ASSIGNMENT
Verbatim copy, pictures excluded: every line from the one with "4、在門(mén)票頁(yè" through the final line of the data below, and no other line.

GIVEN DATA
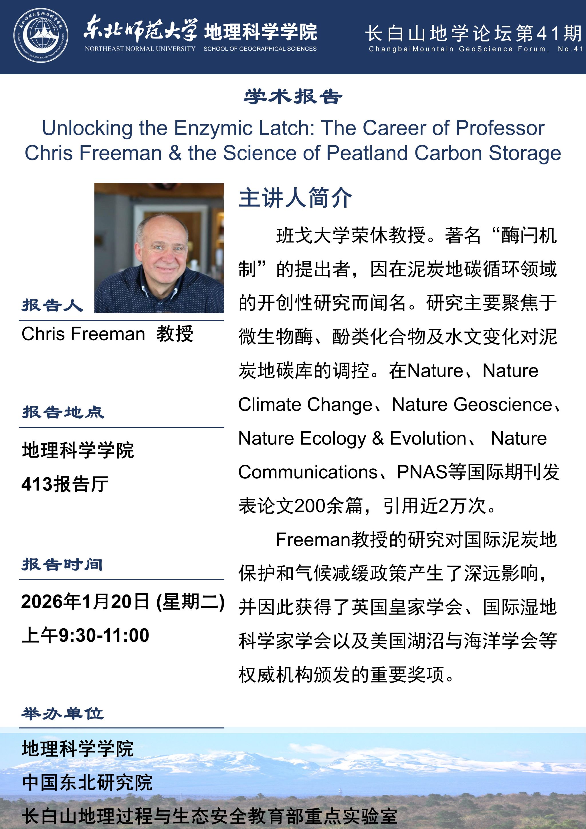 【长白山地学论坛(第四十一期)】Chris Freeman:Unlocking the Enzymic Latch:The Career of Professor Chris Freeman & the Science of Peatland Carbon Storage
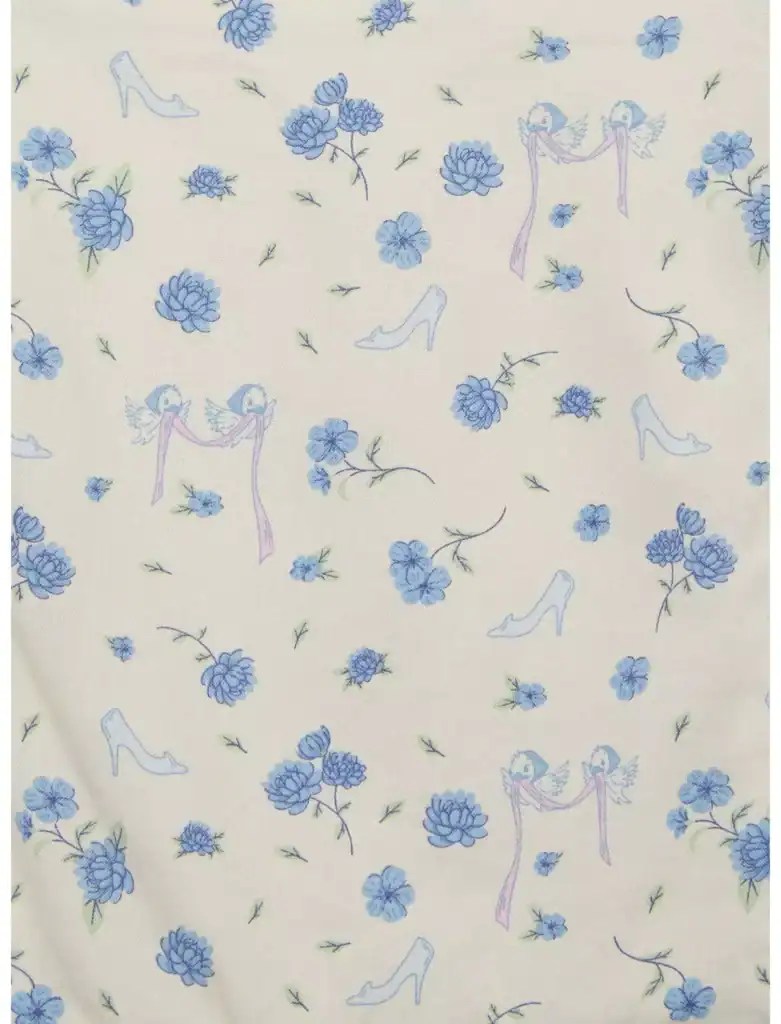 We don’t know if the shoe fits, but this tank top sure will! Inspired by Cinderella, this ruffled top features icons amid blue florals, paired with adjustable straps, a smocked back panel, and an elastic waist.
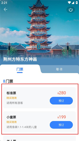 4、在門(mén)票頁(yè)面查看標(biāo)準(zhǔn)票、小童票等票價(jià)信息,可點(diǎn)擊對(duì)應(yīng)預(yù)訂按鈕進(jìn)行購(gòu)票。
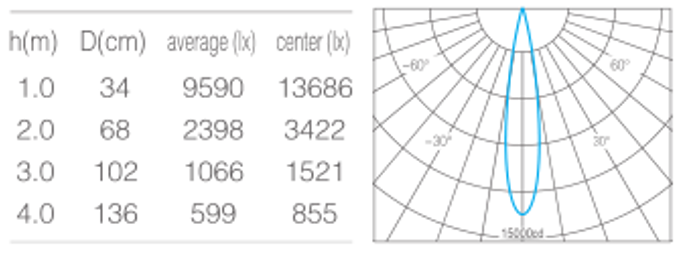 • 光束角15°

SOLUTION TO THIS PROBLEM
 4、在門(mén)票頁(yè)面查看標(biāo)準(zhǔn)票、小童票等票價(jià)信息,可點(diǎn)擊對(duì)應(yīng)預(yù)訂按鈕進(jìn)行購(gòu)票。
 • 光束角15°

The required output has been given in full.